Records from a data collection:
....
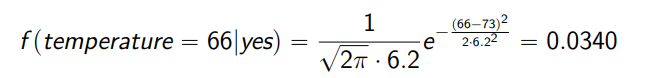 Nel caso di valori numerici non si può usare il metodo basato sulle frequenze. Assumiamo che i valori si trovino su una distribuzione Gaussiana, descriviamo la distribuzione del valore degli attributi sulla base del valor medio e della varianza degli attributi all’interno di ogni classe. La distribuzione di valore per un atributo di una classe è :
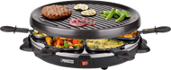 The Princess Raclette 6 Grill Party 162725 is ideal for a round table. You can use it with 6 people at the same time. Grill a small steak or some mushrooms on the grill plate while you make an omelet or pancake in the raclette pan. Thanks to the non-stick coating, you don't need as much oil and the ingredients won't stick. After use, you can remove the grill plate and put the plate and the pans in the dishwasher.
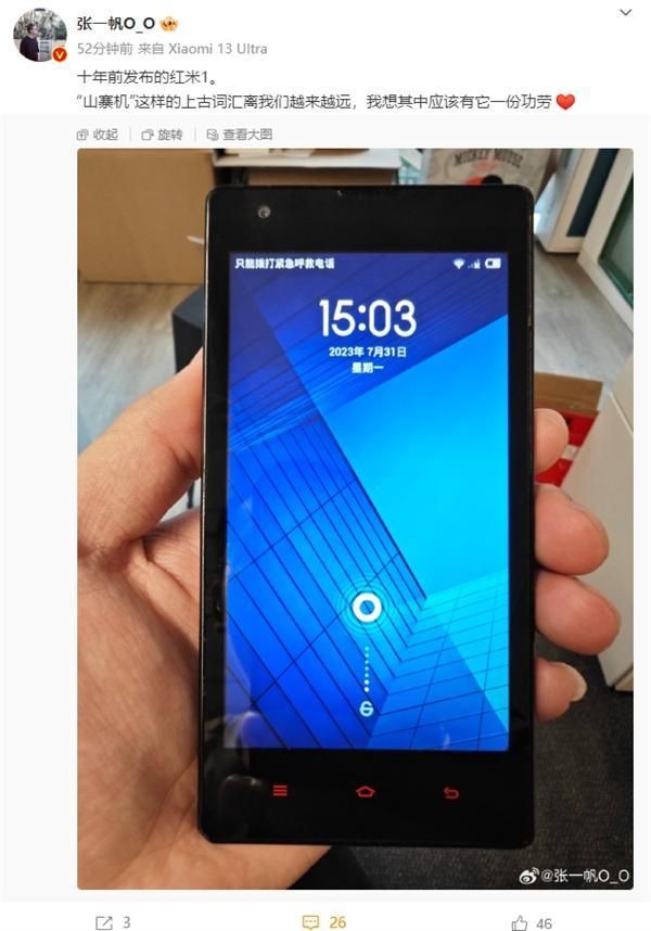 昨天是7月31日,也是红米手机正式面世十周年的日子,很多人都在网上晒出了自己当年抢购的初代红米手机,Redmi手机市场负责人张一帆也不例外,而且他还发文称:十年前发布的红米1,“山寨机”这样的上古词汇离我们越来越远,我想其中应该有它一份功劳。
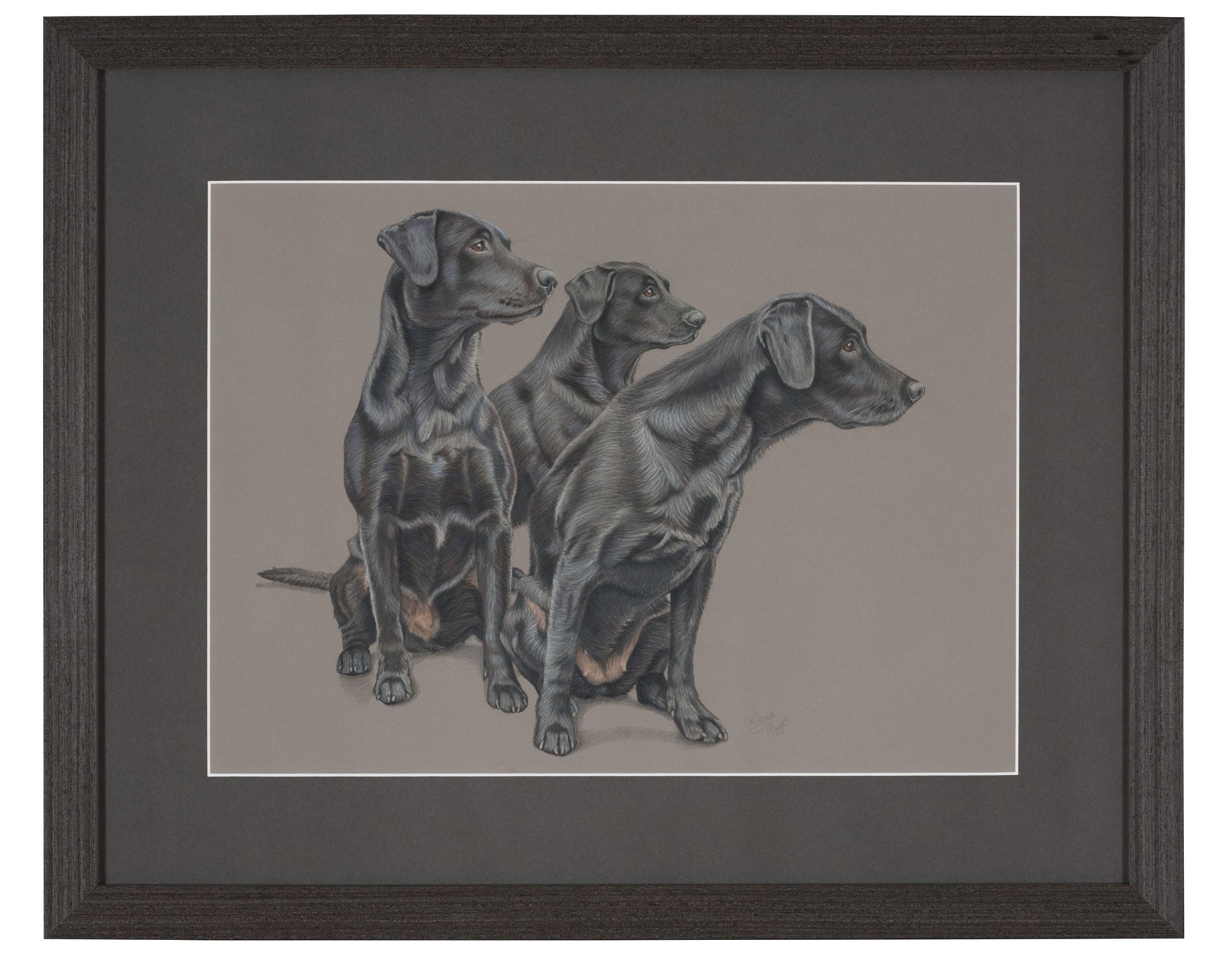 "The Shooting Party" captures three Labradors captivated by something in the distance, poised and ready to pounce at a moments notice. This drawing was created using Faber Castell Polychromos on Pastelmat paper. The artwork is ready to hang, supplied with both mount and frame as shown in the photograph. Overall sizing is approximately 60.5cm wide x 49cm high.
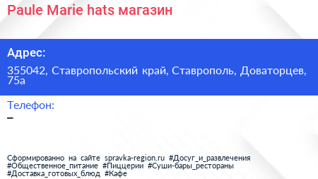 Paule & Marie hats, магазин по адресу 355042, Ставропольский край, Ставрополь, Доваторцев, 75а в дальнейшем Организация, размещена в следующих категориях:
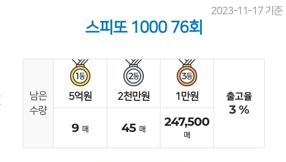 스피또1000 76회 출고율 / 스피또1000 76회 당첨현황(2023.11.17 기준)
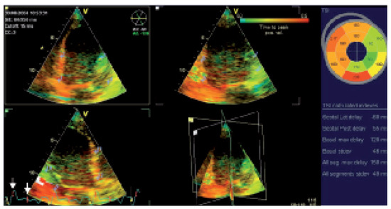 - Schuster, P.; Faerestrand, S.; Ohm, O.J. Color Doppler tissue velocity imaging can disclose systolic left ventricular asynchrony independent of the QRS morphology in patients with severe heart failure. Pacing Clin Electrophysiol 2004, 27, 460–467. [Google Scholar] [CrossRef]
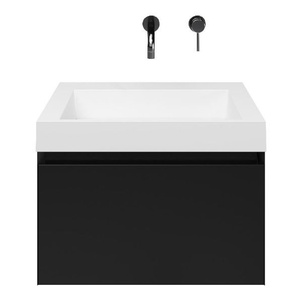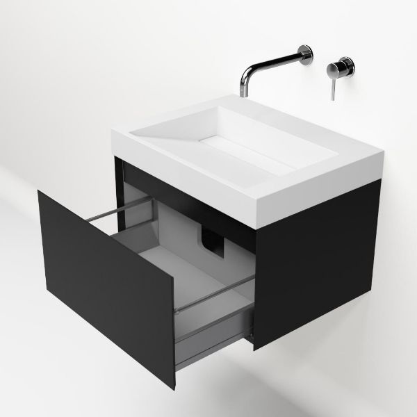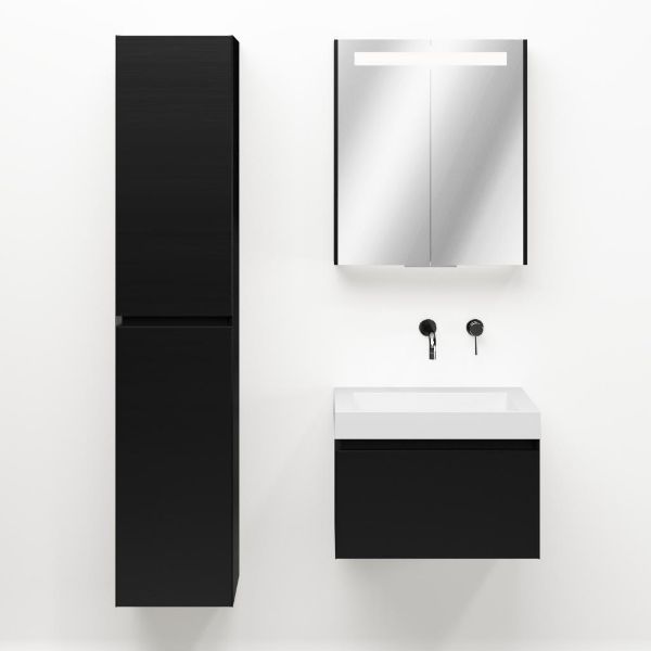 Greeploos badkamermeubel in de kleur zwart mat is 60 cm breed. De wastafel is vervaardig in polystone en heeft de kleur wit. Dit badkamermeubel met deze wastafel is leverbaar tussen de 60 cm t/m 160 cm
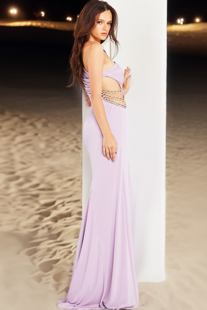 Step into the spotlight with the Jovani 37367, a masterful blend of refined design and sumptuous comfort. Crafted from smooth jersey fabric, this long, fitted evening dress sculpturally hugs your silhouette, enhanced by artful ruching that adds graceful texture and dimension. The sleek one-shoulder neckline and sleeveless cut project modern elegance, while the daring slit reveals just the right amount of allure. With a discreet zipper back ensuring a flawless fit, this Jovani creation transforms every moment into a statement of sophistication and confidence. Perfect for prom or any upscale evening affair, it invites you to embody timeless glamour effortlessly.
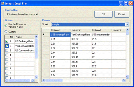 - The Import Excel File dialog appear. The Excel file can’t contains non numeric field field except the first row, which will be the variable name. Make sure the “Use First Row as Variable Name” option is checked if your Excel File contains variable name information. Then, select variables you want to import by making a mark on some check boxes in the variable grid. You can switch between sheets by selecting the sheet combo box in the Preview Pane.
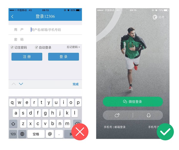 美學(xué)在設(shè)計(jì)產(chǎn)品的使用上扮演著重要的角色。美的設(shè)計(jì)能促進(jìn)人們形成正面積極的態(tài)度,而且讓人們對產(chǎn)品設(shè)計(jì)上的缺陷更具有包容性。如:同樣都是登錄頁面我們更容易接受右面的設(shè)計(jì),并且我們會(huì)通過是否美觀推斷右面的APP應(yīng)該更好用,畢竟一個(gè)好用的APP應(yīng)該都會(huì)好好“打扮”一下吧!
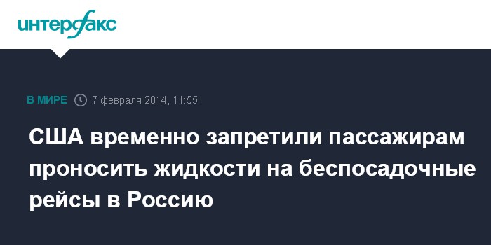 Лондон. 7 февраля. INTERFAX.RU - Американские власти ввели временные ограничения на пронос в ручной клади жидкостей пассажирами лайнеров, совершающих прямые рейсы в Россию.
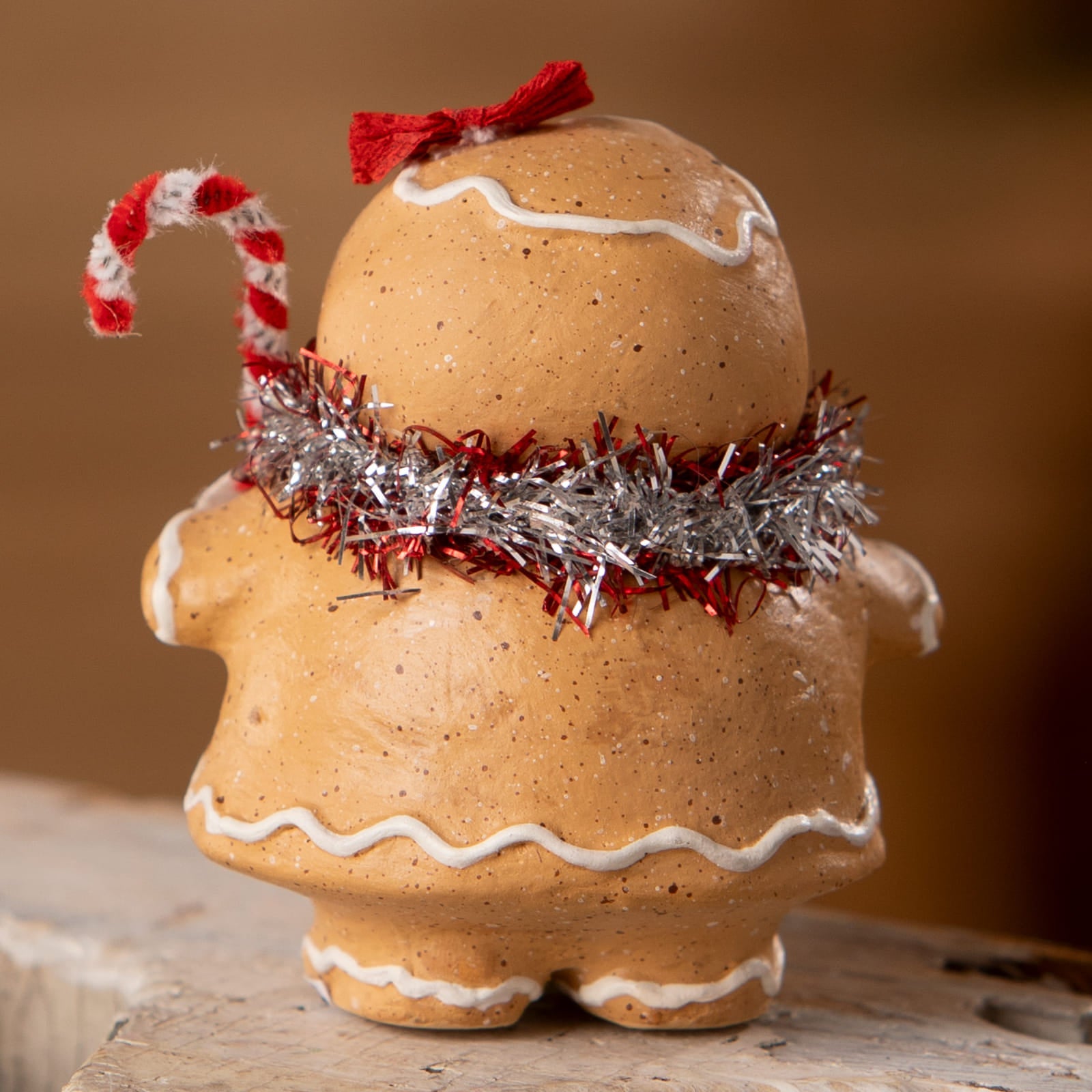 Size: 4.5x4.5x6.5"Material: Claydough, Metal, Glitter, Sisal Tree & Electrical Components
....
EXERCISE PROMPT:
With the pictures omitted, give every line above again exactly.

RESPONSE AREA:
 Nel caso di valori numerici non si può usare il metodo basato sulle frequenze. Assumiamo che i valori si trovino su una distribuzione Gaussiana, descriviamo la distribuzione del valore degli attributi sulla base del valor medio e della varianza degli attributi all’interno di ogni classe. La distribuzione di valore per un atributo di una classe è :
 The Princess Raclette 6 Grill Party 162725 is ideal for a round table. You can use it with 6 people at the same time. Grill a small steak or some mushrooms on the grill plate while you make an omelet or pancake in the raclette pan. Thanks to the non-stick coating, you don't need as much oil and the ingredients won't stick. After use, you can remove the grill plate and put the plate and the pans in the dishwasher.
 昨天是7月31日,也是红米手机正式面世十周年的日子,很多人都在网上晒出了自己当年抢购的初代红米手机,Redmi手机市场负责人张一帆也不例外,而且他还发文称:十年前发布的红米1,“山寨机”这样的上古词汇离我们越来越远,我想其中应该有它一份功劳。
 "The Shooting Party" captures three Labradors captivated by something in the distance, poised and ready to pounce at a moments notice. This drawing was created using Faber Castell Polychromos on Pastelmat paper. The artwork is ready to hang, supplied with both mount and frame as shown in the photograph. Overall sizing is approximately 60.5cm wide x 49cm high.
 Paule & Marie hats, магазин по адресу 355042, Ставропольский край, Ставрополь, Доваторцев, 75а в дальнейшем Организация, размещена в следующих категориях:
 스피또1000 76회 출고율 / 스피또1000 76회 당첨현황(2023.11.17 기준)
 - Schuster, P.; Faerestrand, S.; Ohm, O.J. Color Doppler tissue velocity imaging can disclose systolic left ventricular asynchrony independent of the QRS morphology in patients with severe heart failure. Pacing Clin Electrophysiol 2004, 27, 460–467. [Google Scholar] [CrossRef]
 Greeploos badkamermeubel in de kleur zwart mat is 60 cm breed. De wastafel is vervaardig in polystone en heeft de kleur wit. Dit badkamermeubel met deze wastafel is leverbaar tussen de 60 cm t/m 160 cm
 Step into the spotlight with the Jovani 37367, a masterful blend of refined design and sumptuous comfort. Crafted from smooth jersey fabric, this long, fitted evening dress sculpturally hugs your silhouette, enhanced by artful ruching that adds graceful texture and dimension. The sleek one-shoulder neckline and sleeveless cut project modern elegance, while the daring slit reveals just the right amount of allure. With a discreet zipper back ensuring a flawless fit, this Jovani creation transforms every moment into a statement of sophistication and confidence. Perfect for prom or any upscale evening affair, it invites you to embody timeless glamour effortlessly.
 - The Import Excel File dialog appear. The Excel file can’t contains non numeric field field except the first row, which will be the variable name. Make sure the “Use First Row as Variable Name” option is checked if your Excel File contains variable name information. Then, select variables you want to import by making a mark on some check boxes in the variable grid. You can switch between sheets by selecting the sheet combo box in the Preview Pane.
 美學(xué)在設(shè)計(jì)產(chǎn)品的使用上扮演著重要的角色。美的設(shè)計(jì)能促進(jìn)人們形成正面積極的態(tài)度,而且讓人們對產(chǎn)品設(shè)計(jì)上的缺陷更具有包容性。如:同樣都是登錄頁面我們更容易接受右面的設(shè)計(jì),并且我們會(huì)通過是否美觀推斷右面的APP應(yīng)該更好用,畢竟一個(gè)好用的APP應(yīng)該都會(huì)好好“打扮”一下吧!
 Лондон. 7 февраля. INTERFAX.RU - Американские власти ввели временные ограничения на пронос в ручной клади жидкостей пассажирами лайнеров, совершающих прямые рейсы в Россию.
 Size: 4.5x4.5x6.5"Material: Claydough, Metal, Glitter, Sisal Tree & Electrical Components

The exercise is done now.